Лежавший заметил кузнеца. Протянул судорожно сцепленные руки.
— Ты, Мартынь?
— Я самый. Пришел поглядеть, скоро ли поправишься.
— Эстонец сказал: пусть три дня не встает. Ладно. Три дня отлежу, а на четвертый встану. Ничего они со мной не поделают.
— На четвертый — это будет в воскресенье,
— В воскресенье — пусть они посмотрят. На свадьбе у Майи плясать буду. Отец не мог, у него жила была перебита, а я буду плясать… Проклятые! А потом мы их подпалим.

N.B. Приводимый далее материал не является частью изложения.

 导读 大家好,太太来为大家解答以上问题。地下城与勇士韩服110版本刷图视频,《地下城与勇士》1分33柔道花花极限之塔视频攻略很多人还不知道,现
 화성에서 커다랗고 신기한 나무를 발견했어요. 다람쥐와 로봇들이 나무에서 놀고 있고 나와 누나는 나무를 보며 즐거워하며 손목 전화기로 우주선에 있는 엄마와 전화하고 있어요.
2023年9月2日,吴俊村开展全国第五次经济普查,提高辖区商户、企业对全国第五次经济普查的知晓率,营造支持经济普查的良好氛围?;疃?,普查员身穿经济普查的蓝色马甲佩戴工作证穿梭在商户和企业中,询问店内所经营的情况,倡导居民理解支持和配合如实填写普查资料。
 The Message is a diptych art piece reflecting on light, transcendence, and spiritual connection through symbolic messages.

— Ага, потом мы их подпалим.
— Как кабанов осенью! Кто подвернется, тому по черепку, чтобы вдребезги!.. Плетюгану, бочару, тем навозникам с господской конюшни, эстонцу — всем! Чтобы вычистить все имение от зверья.
— В воскресенье молодой барон домой заявится.

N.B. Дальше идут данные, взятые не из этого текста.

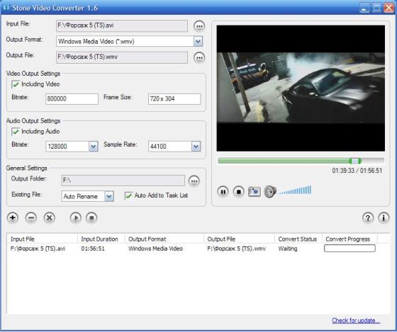 Stone Video Converter является простым, надежным и быстрым мультимедийным конвертером популярных видео и аудио форматов. Со Stone Video Converter, вам больше не придется беспокоиться о многочисленных видео и аудио форматах! Поддерживает преобразование почти во все известные видео форматы, включая IPod MPEG-4, iPhone MPEG-4, PSP MPEG-4, WMV Zune, Zune MPEG-4, WMV, ASF, AVI, DivX, XviD, MPEG-1 (VCD ), MPEG-2 (DVD), MPEG-4 (MP4), MPEG-4 AVC (H264), QuickTime MOV, Flash Video (FLV), RM, RMVB, Matroska (MKV), 3GP и 3G2 и т.д.
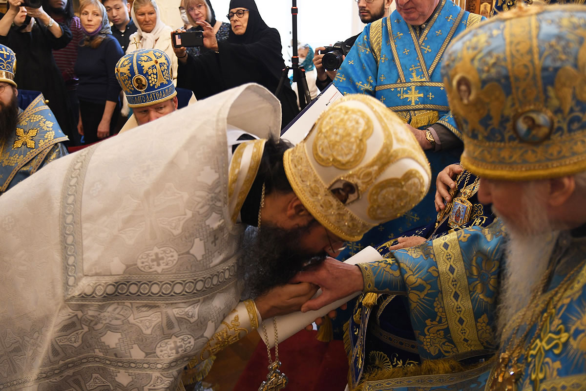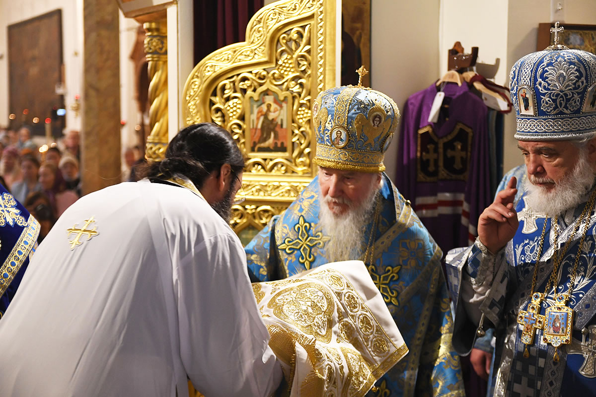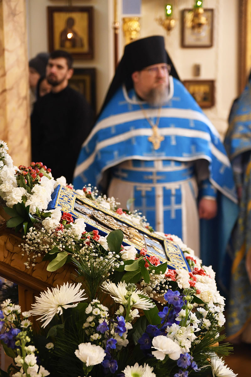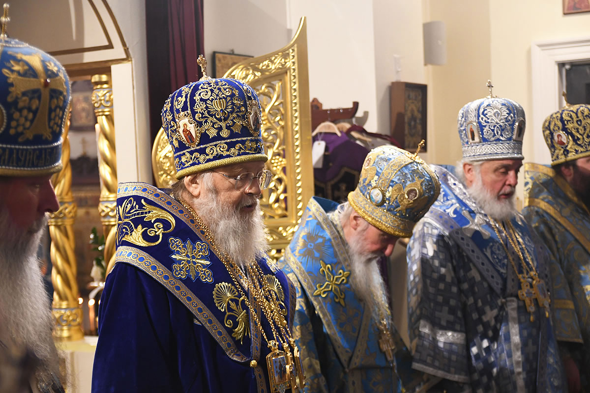 The festal Liturgy was simultaneously held under the aegis of two sacred icons: the Protectress of the Russian Diaspora – the Kursk Root Icon of the other of God – and the myrrh-streaming icon "Softener of Evil Hearts" from Moscow.
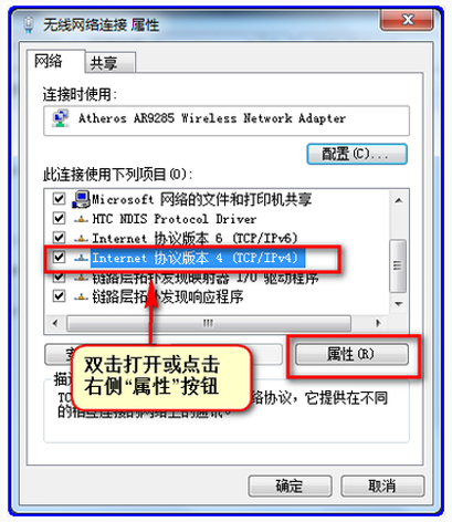3、鼠標右擊【無線網絡連接】,選擇屬性,彈出窗口,如圖,雙擊【 internet協辦議版本4( TCP/IPy4)】,或者點擊右側的【屬性】按鈕,
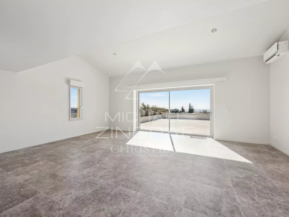 Discover this sumptuous apartment of approximately 141 m², nestled within a prestigious estate in a residential area, offering a commanding position and breathtaking sea views. This exceptional property is distinguished by its bright living room, complemented by a high-end, fully equipped open-plan kitchen. Large bay windows open onto a magnificent south-facing terrace, ideal for enjoying the sun and enchanting panoramas.
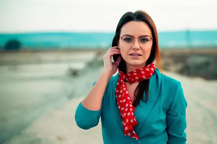 Frau mit Brille in türkisblauem Blazer und rotem Schal telefoniert in ländlicher Landschaft – Werbefotografie Wien
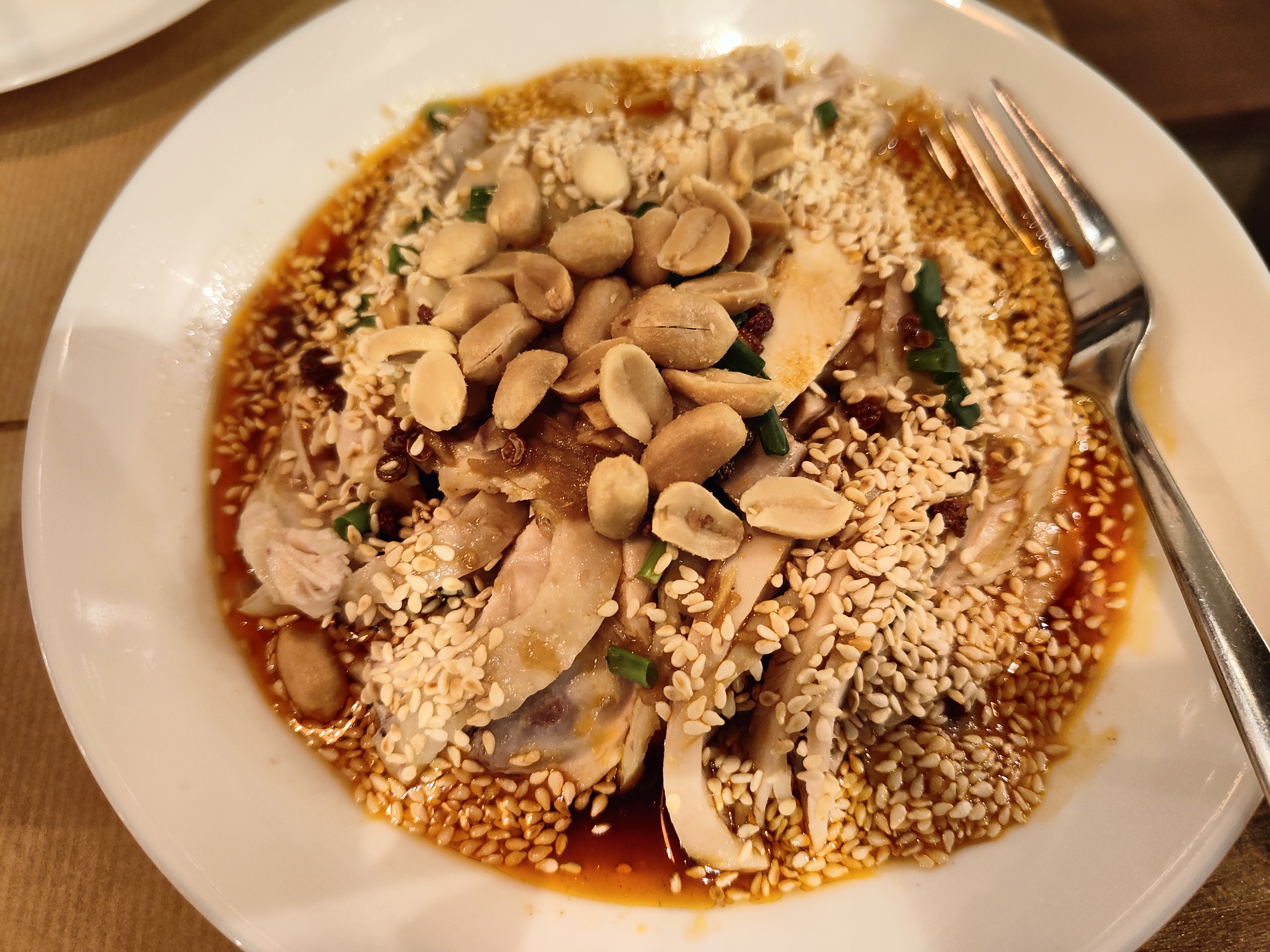 Bon resto : ma po tofu, aubergines sautées etc Mention spéciale aux brochettes de toutes sortes (un peu trop cuites a mon goût) et au poulet croustillant

— И тому! Кто попадется, тому по башке… А тебя все-таки не поймали?
— Нет, не посмели они бежать за мной в лес.
Через мешок в изголовье прозвучало что-то похожее на смех сквозь слезы.
— Ага, не посмели! Ты такой сильный, что всех их, как мякину… Большой молот ты ведь одной рукой подкидываешь… Эх, если бы я был постарше да мне хоть чуток от твоей силушки… Только ты берегись, Мартынь, чтобы они не загнали тебя в какую-нибудь ловушку. Эстонец трусит, не думай, что он тебя так и оставит.

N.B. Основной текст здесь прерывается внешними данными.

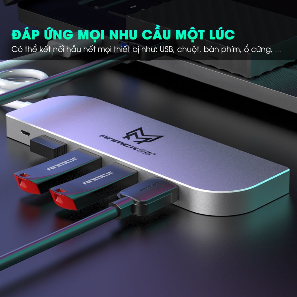 Ưu điểm: BỘ CHIA USB có cổng chuyển dữ liệu, được thiết kế để dễ dàng kết nối với nhiều thiết bị USB như bàn phím, chuột, đầu đọc thẻ nhớ, webcam,... cùng lúc trên máy tính, laptop của bạn. BỘ CHIA USB (USB Hub) Acasis còn có thể được sử dụng như một đầu sạc nhanh, tương thích với các thiết bị như điện thoại, máy tính bảng, camera, loa,... dễ dàng tự động kết nối và tối ưu điện cho thiết bị cần sạc.
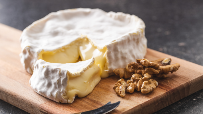 Experimente os tons amanteigados e terrosos do Somerset Brie, que combina lindamente com frutas e biscoitos para um lanche delicioso.
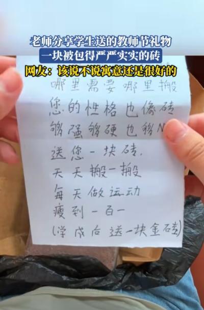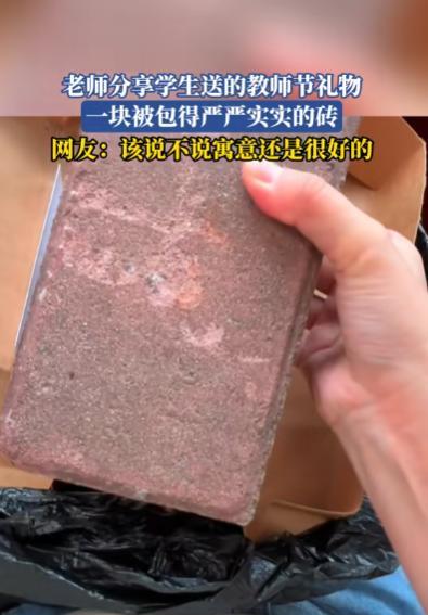 万万没想到!湖北,老师收到学生礼物,她本想拒绝,可学生却硬塞给她,她没办法,收下之后发现挺沉的,拆开一看,礼物被信封纸包裹,她猜想不会是那个吧?她小心翼翼打开,掏出来一看,居然是块巴掌大的红砖,棱角还磨得有点圆。下面还有个纸条,上面写着: 据视点新闻9月11日报道,教师节当天一名小女孩打破了世俗的礼物,送给了老师一块砖,老师看见砖的时候很是吃惊,然而下面的一张小纸条令老师感动不已。 在社会上很多家长都被陷入了一个“旋涡”里面,就是每次一到教师节的时候,家长们就开始纷纷用金钱来表达自己的诚意。 觉得只要是自己给老师送的东西够多又或者是够贵,老师就会在学校里面多照顾一下自己的孩子,在学习上多为自己的孩子操操心,所以现在每次一到教师节,都是家长们的攀比节日。 张女士(化名)是一名人民教师,她的教学风格很是独特所以她很受同学们的欢迎,此外她还有一个习惯就是每次在教师节的时候,她都会提前在家长群里面给家长们说。 节日当天不要给她送任何东西,就算是送了自己也不会收的,并且还说到,要是家长们真的想要表达的话就叫自己的孩子在当天给她说一声教师节快乐就好了。 所以只要是她教的孩子从来都不会一直陷入送礼物这一漩涡里面,然而就在前几天,放学的时候突然有一个女孩拿着一个黑色塑料袋包裹着的一个方方正正的东西, 张女士看见之后第一感觉就是金钱,于是她赶紧拒绝说老师不能收取这样的东西,直到小女孩说这个东西她自己想送给她的时候张女士就收下来了。 然而等张女士上车之后,打开里三层外三层地的包装之后,竟然映入眼帘的是一块砖,这时候张女士很是好奇觉得这个东西有什么寓意呢。 不料就在她拿起来的时候没突然掉落了一个小纸条上面写着对老师表达的感谢之情,而且还说了一句几句感人的话,就是等她学成归来之时她给老师换一个小金砖。 这时张女士纷纷流下了感动的泪水,觉得这是她这么多年以来收到的最有意义的礼物。 那么年对家长给老师送礼物这件事情,作为家长的你有什么看法呢?
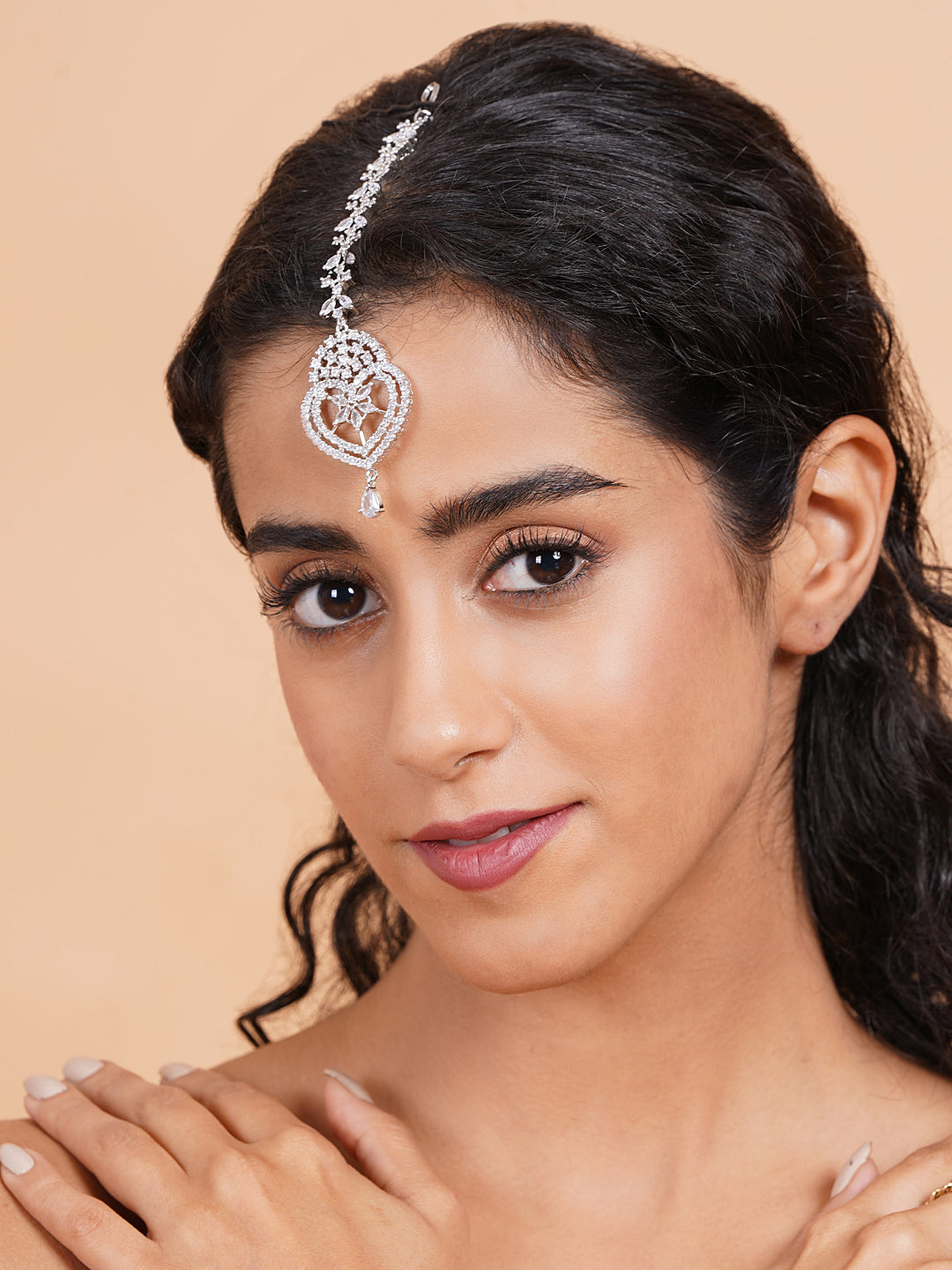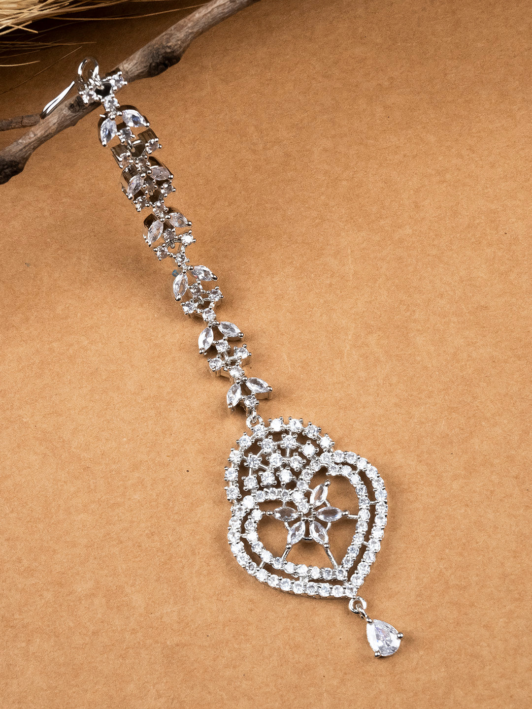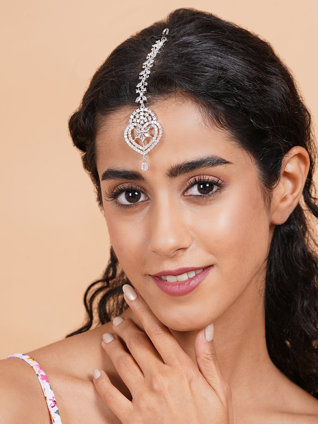 Elevate your ethnic look with StileAdda's exquisite CZ Mangtika in Silver Tone. Handcrafted to perfection, our English CZ Mangtika adds a touch of elegance to any attire. Shop now for the perfect accessory!

— Я их ловушки знаю. Значит, до воскресенья.
— До воскресенья — уж раз я сказал!..
Он еще круче повернул голову и досадливо покосился на ноги. Пошевелил коричневыми лодыжками, но высвободить их не смог, слишком уж крепко приникла к ним мать. Потом взглядом подозвал кузнеца поближе. Когда тот нагнулся, обнял его рукою за плечо и тихонько шепнул на ухо:
— Ты выкуй мне нож… Да поострее!
Лавиза кончила свое дело и собиралась идти вместе с Мартынем. Луна поднялась еще выше, было совсем светло. Только реденькая тучка слегка прикрыла ее. Ноги у Лавизы стали проваливаться в колею. Кузнецу пришлось взять ее за руку и повести. Все время она угрюмо молчала. Только на большаке Мартынь завязал разговор:
— Горькая у тебя работа, мать.
— Горькая… Проклятая она! Вы только и знаете господ гневить, а мне ваши спины выхаживай.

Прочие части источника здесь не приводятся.